Company Ordered To Turn Over Employee Contact Information

By Ellen Smith

In a split decision, the Federal Mine Safety and Health Review Commission found that MSHA has the right to request employee contact information to interview mine employees who may have knowledge about conditions in a mine where MSHA was conducting a 110(c) investigation, and where dangerous conditions existed over multiple shifts and for several days.

Chairman Mary Lu Jordan, with Commissioners Robert Cohen and Patrick Nakamura sided with the Secretary’s position that the request made of the operator was not burdensome, did not place an obligation on the employees, and the request was within the scope of the Secretary’s authority under the Mine Act. 

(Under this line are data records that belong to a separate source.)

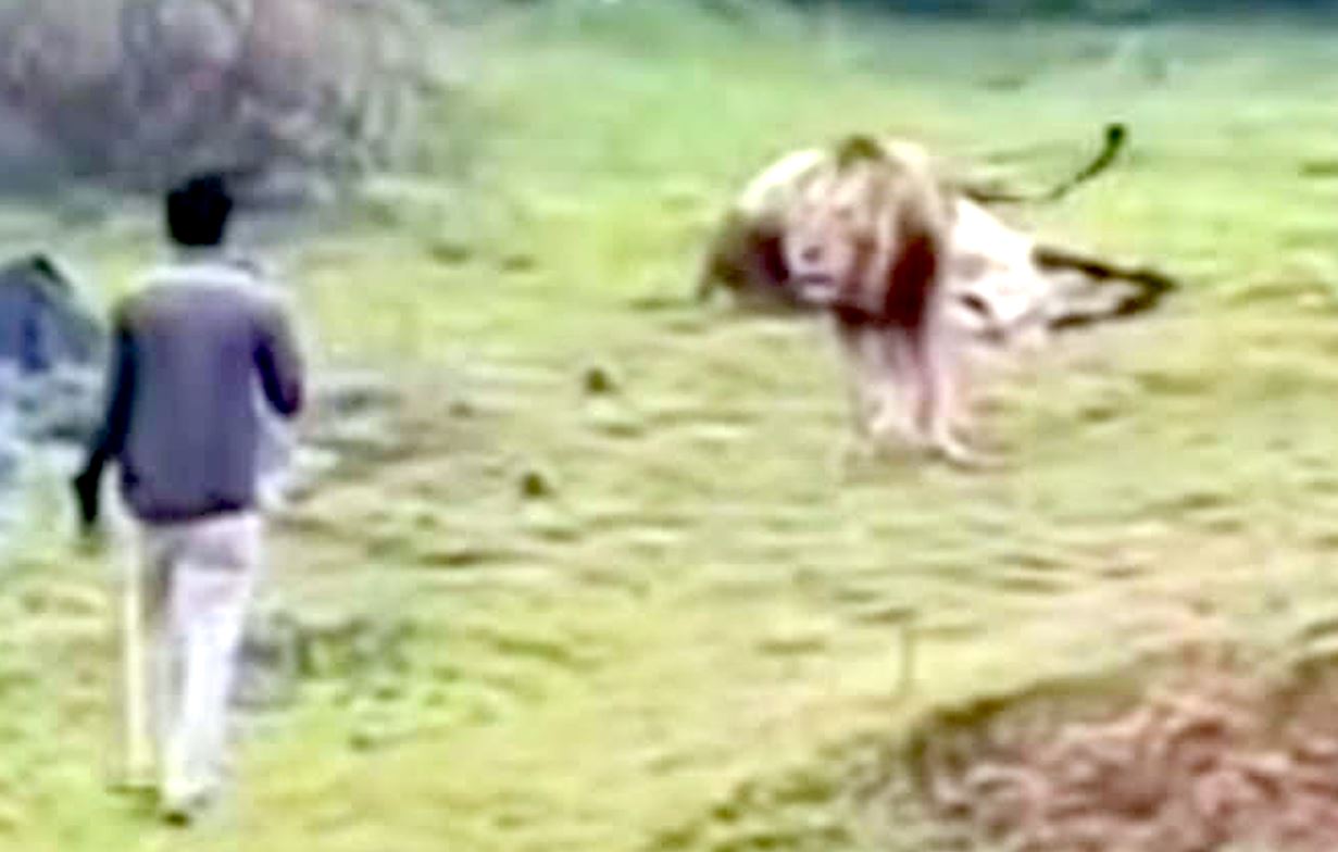 મારણ કરી રહેલ સિંહની નજીક જઈ વીડિયો ઉતાર્યો: વીડિયો ઉતારવાની લ્હાયમા યુવક હુમલાનો ભોગ બનતા રહી ગયો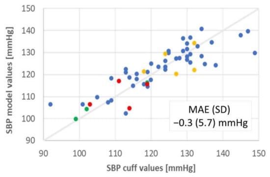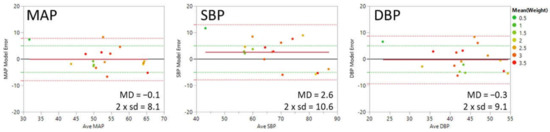 Figure 7 shows Bland-Altman plots for MAP, SBP, and DBP with the average of model and ground truth values for each individual on the x-axis and the average difference between model and ground truth values for each individual on the y-axis (model error or mean difference (MD)). The points are color-coded by the weight of the patient in kilograms. The solid red line shows the mean average error or bias. The green dotted lines indicate the FDA guidelines for the limit of acceptable error for the population of ±5 mmHg. The red dotted lines indicate the 95% confidence interval (1.96 × the standard deviation of the error in the measurement). The mean absolute error is 4.1, 5.5, and 4.7 mmHg for MAP, SBP, and DBP, respectively.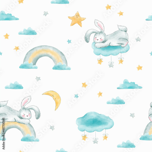 Seamless pattern with sleeping baby bunny rabbit and clouds, rainbows, stars. Illustration.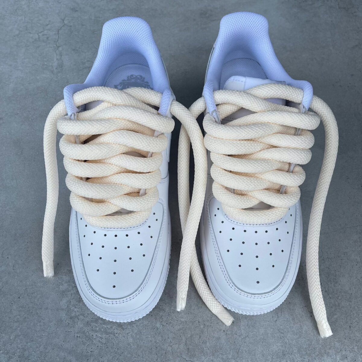 Custom AIR FORCE 1 white with the new style cream rope laces added.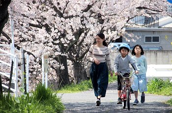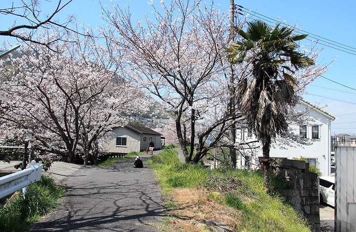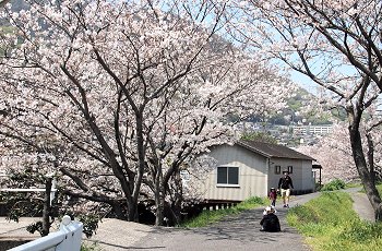 そして、鞆鉄道の昔の鉄橋跡付近で、振り返ってサクラを撮ろうとしましたら、お子様お二人を連れたご家族が…あぁ、やっぱりGONsanのみでも無かったようであります。楽しそうにお父さんとお子様が(^-^)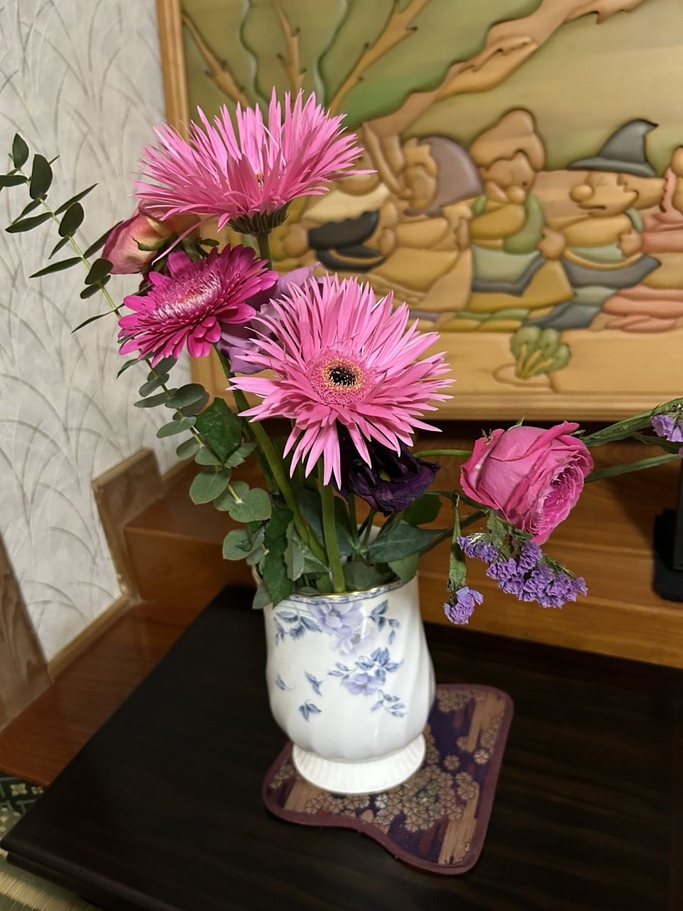 写真よりはボリューム少なめでしたが、ビビッとピンクのお花達がお部屋を華やかにしてくれました。 2束のセットは、これからもお願いしたいです。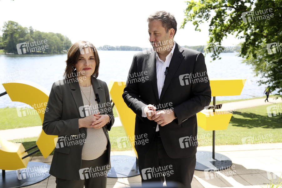 Elisabeth Kaiser und Lars Klingbeil bei der Jahreskonferenz 2025 vom Ostdeutschen Wirtschaftsforum OWF im Theater am See. Bad Saarow, 20.05.2025

Dissenting were Commissioners Robert Young and William Althen.

The case stemmed from an inspection where MSHA found serious and potentially fatal violations of a company’s mining plan, and proposed a $70,000 fine. The mine foreman and face boss were present and knew about the conditions. A second $70,000 fine was proposed for failing to adequately preshift the areas related to the violation. A $45,000 fine was proposed for the company failing to revise its mining plan based on the mining conditions. 

After the violations were found, MSHA began a 110(c) investigation, and sought to interview company employees. The MSHA district manager sent a letter stating the agency was conducting a preliminary investigation of possible knowing and willful violations, and requested the names, addresses, positions, shift worked, and telephone numbers of the employees at the Cardinal Mine.

The company refused, stating it would only turn over information with prior approval of each employee. In addition, the company said that MSHA’s request was too broad, since it sought the information for every employee.

MSHA then issued a citation to the company for failing to provide information in violation of Sect. 103(a) of the Mine Act, and when the company again refused MSHA’s request, the agency issued a 104(b) failure-to-abate order.

The company argued to the Commission that it cannot be compelled under Sect. 103 of the Mine Act to produce the contact information sought by MSHA. The company noted MSHA policy that a miner’s participation in interviews is voluntary, and not every employee had knowledge about the conditions. The company also said that the Mine Act does not provide the Secretary the right to the disclosure of private contact information of miners.  

The three commissioners who upheld the ALJ’s findings said the Secretary’s request was reasonable, especially given the conditions found combined with the fact that the violations extended over multiple shifts.

Citing the 7th Circuit’s decision in Big Ridge, the Commission said MSHA may reasonably require operators to turn over records, even records they are not required to maintain, when that information would enable MSHA to perform any of its functions under the Mine Act. In this case, MSHA sought to investigate if any agent of the mine knowingly authorized or carried out the violations.

While MSHA could have asked for employee information based on job duties, as suggested by the operator, “such an effort might have inadvertently omitted the identities of persons not directly working on the section who nonetheless would have relevant information…. The request in this case was also sufficiently limited in both time and manner,” since MSHA asked only for the names and contact information of the employees employed at the time of the violations.

The company also said that MSHA’s request amounted to an invasion of privacy. However, any individual employee can choose whether or not to cooperate with MSHA. In addition, allowing MSHA representatives to contact employees away from the mine site ensures that the identity of potential witnesses remains confidential during the course of the investigation, which follows Commission Procedural Rule 29 CFR § 2700.61, which keeps the names of miner informants confidential. In this instance, “MSHA had an understandable preference to speak with potential witnesses in true privacy rather than in a closed room at the workplace of the entity under investigation,” the majority said. 

While an individual does have a right to privacy, miners, “in undertaking such employment, also understand the Secretary has the important task of assuring compliance with laws and regulations protecting the health and safety of miners.” Miners have a right to refuse to participate in an investigation by MSHA, but the agency “does not overreach by obtaining their names and addresses in the course of conducting an ongoing investigation into a serious safety situation at a mine.”